Oui, il y a des effets sur différentes situations de stress, mais il reste encore beaucoup à étudier et à découvrir. L'important dans ces cas est de faire des tests rigoureux pour démontrer ces effets et pouvoir ainsi de fournir des solutions fiables aux producteurs.

Par exemple, bien qu'il ne s'agisse pas d'un bio stimulant, c'est le cas particulier des applications d’humidifiant via l'irrigation, qui peuvent aider à optimiser l'utilisation de l'eau en déficit hydrique. Ce qui important est que ces produits ne soient pas phytotoxiques, ils se désintègrent rapidement, ils sont incorporés à faibles doses étant efficaces et ils n'ont pas de toxicologie sur le biote ou le microbiote du sol.

Les bio-stimulants pour la sécheresse seraient, par exemple, du silicium bio-assimilable par les plantes (non dessiccatif). Il a été prouvé dans différentes études que le silicium absorbé par les plantes réduit la perméabilité du tissu végétal à l'eau et réduit ainsi la transpiration et la consommation d'eau


 Y a-t-il des chiffres pour la consommation d'agro nutriments et de bio-stimulants orientés vers ces cultures?

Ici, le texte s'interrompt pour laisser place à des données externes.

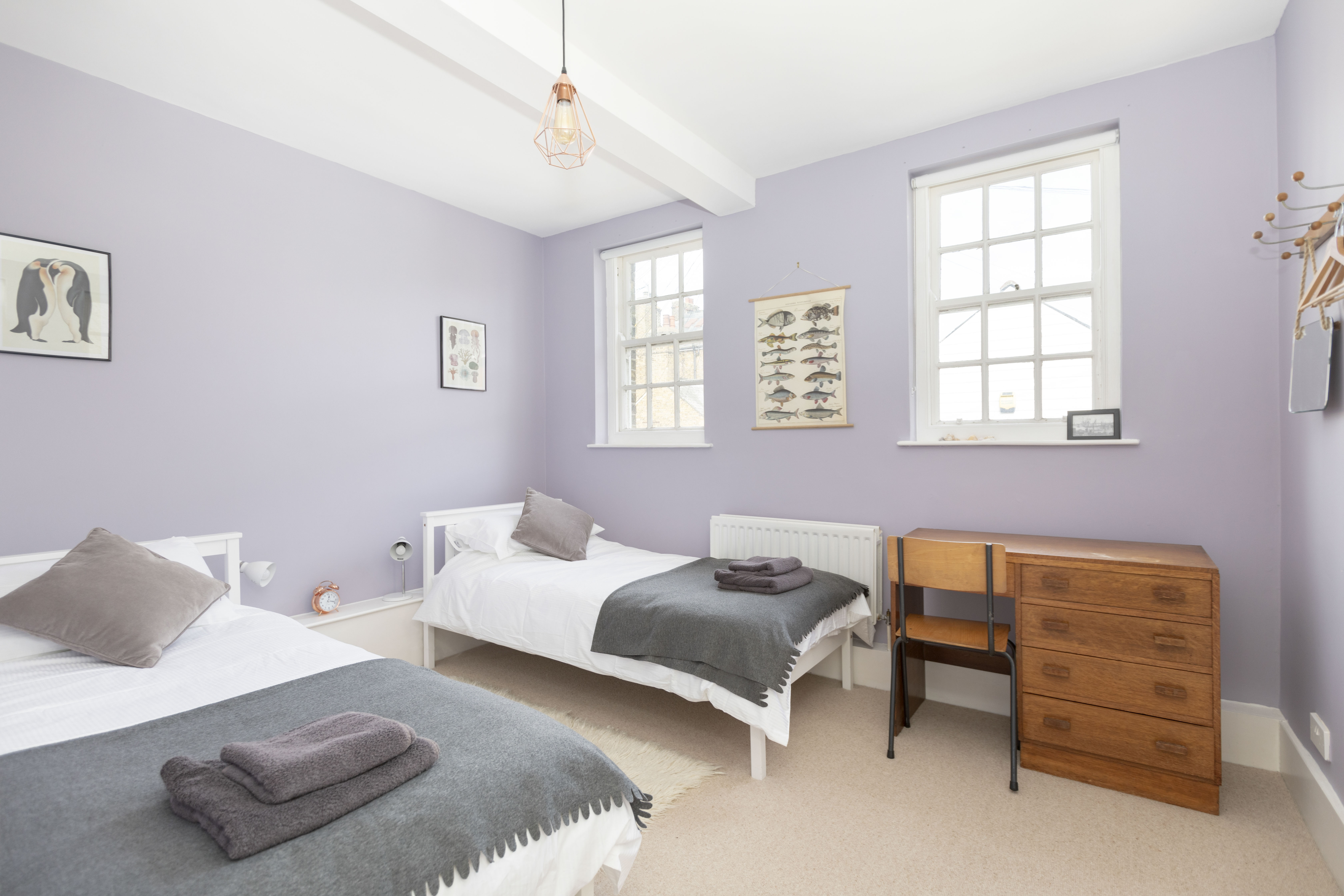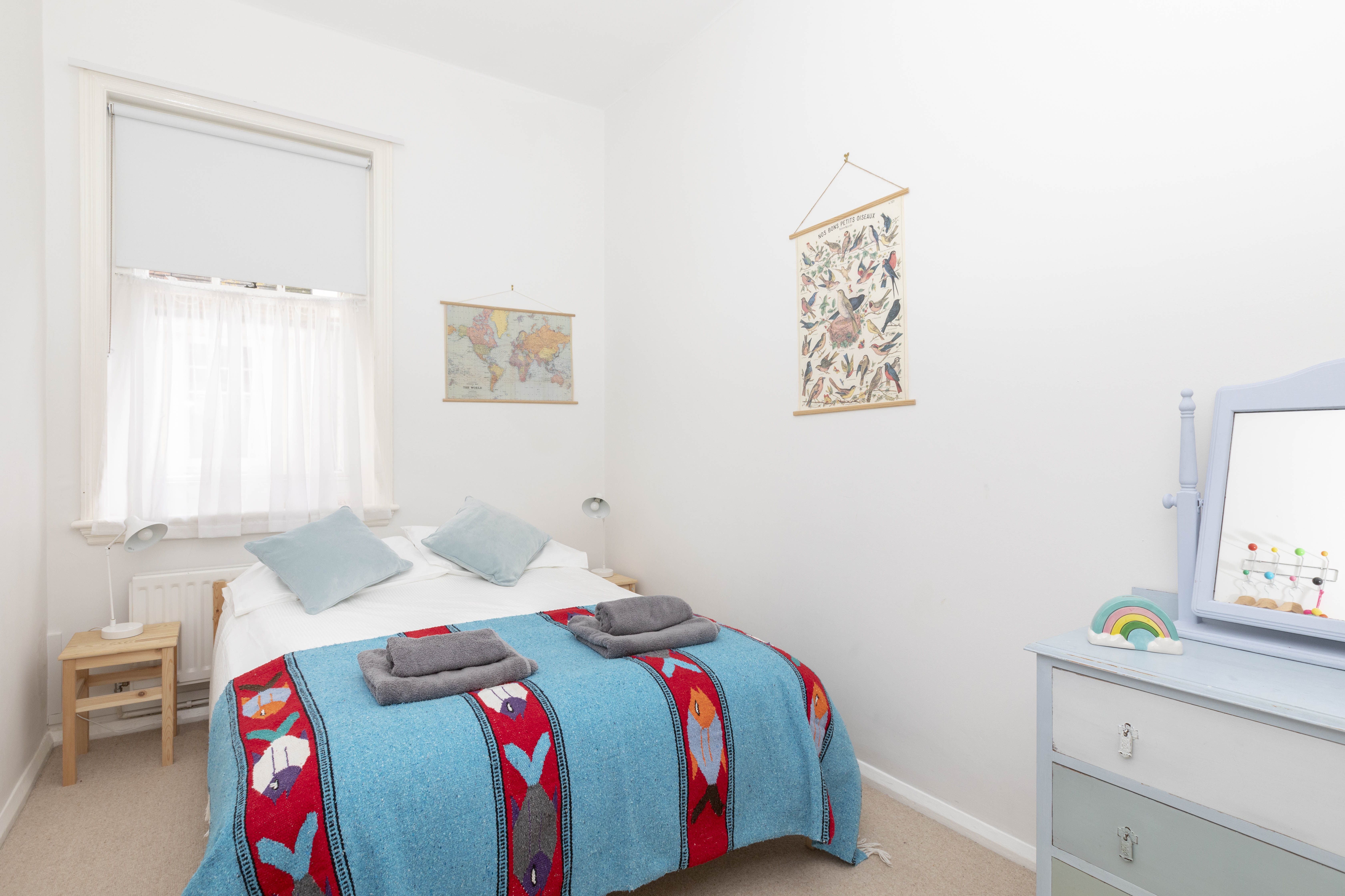 The space: three comfortable bedrooms (two doubles and one twin), a spacious living room with original wooden floorboards, cool artworks and retro furniture, and a huge kitchen diner with dishwasher for sociable family meals. Victorian-style family bathroom and additional downstairs cloakroom/toilet. There's a cosy reading nook on the first floor.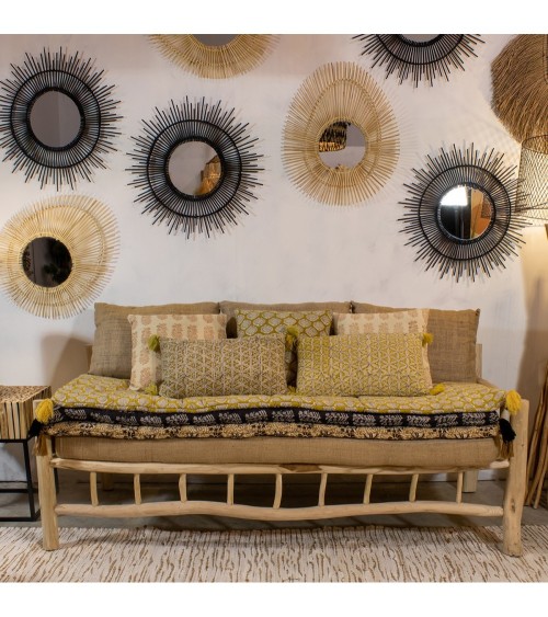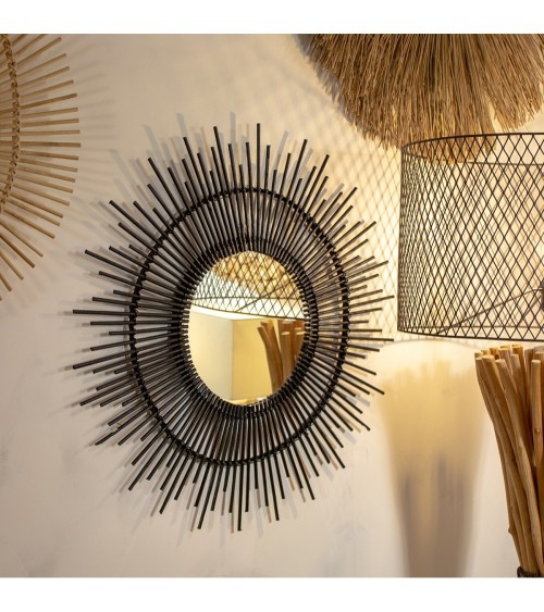 Après le rotin, le bois et le métal, c'est au tour du bambou de revisiter l'emblématique miroir soleil ! Grâce à ses branchages à peine taillés, le miroir rond en bambou INCA signe le retour de la déco bord de mer plus naturelle et authentique que jamais. On parie que son charme brut et dépaysant va faire tourner les têtes ! Miroir Bambou INCA. Matériau: bambou. Couleur: Noir. Dimension: Ø61 CM Nettoyer à l'aide d'un chiffon sec

Au total, nous pourrions parler d'un marché d'environ 10 millions d'euros de consommation d'agro nutriments et de bio-stimulants.


Sur quoi travaillez-vous en ce qui concerne les produits orientés vers ce marché?

Nous continuons de travailler et d'incorporer de nouveaux bio-stimulants et technologies. À titre d'exemple parmi les plus récents, la technologie des éliciteurs qui sont des composés ont contribué en petites quantités qui génèrent une réponse de la plante. Cette année, nous présentons notre nouveau éliciteur ESSR-1 (Elicitor Salt Stress Release) qui alerte et module la réponse de la plante aux situations de salinité, réduisant ainsi les pertes dues aux dommages causés par la salinité.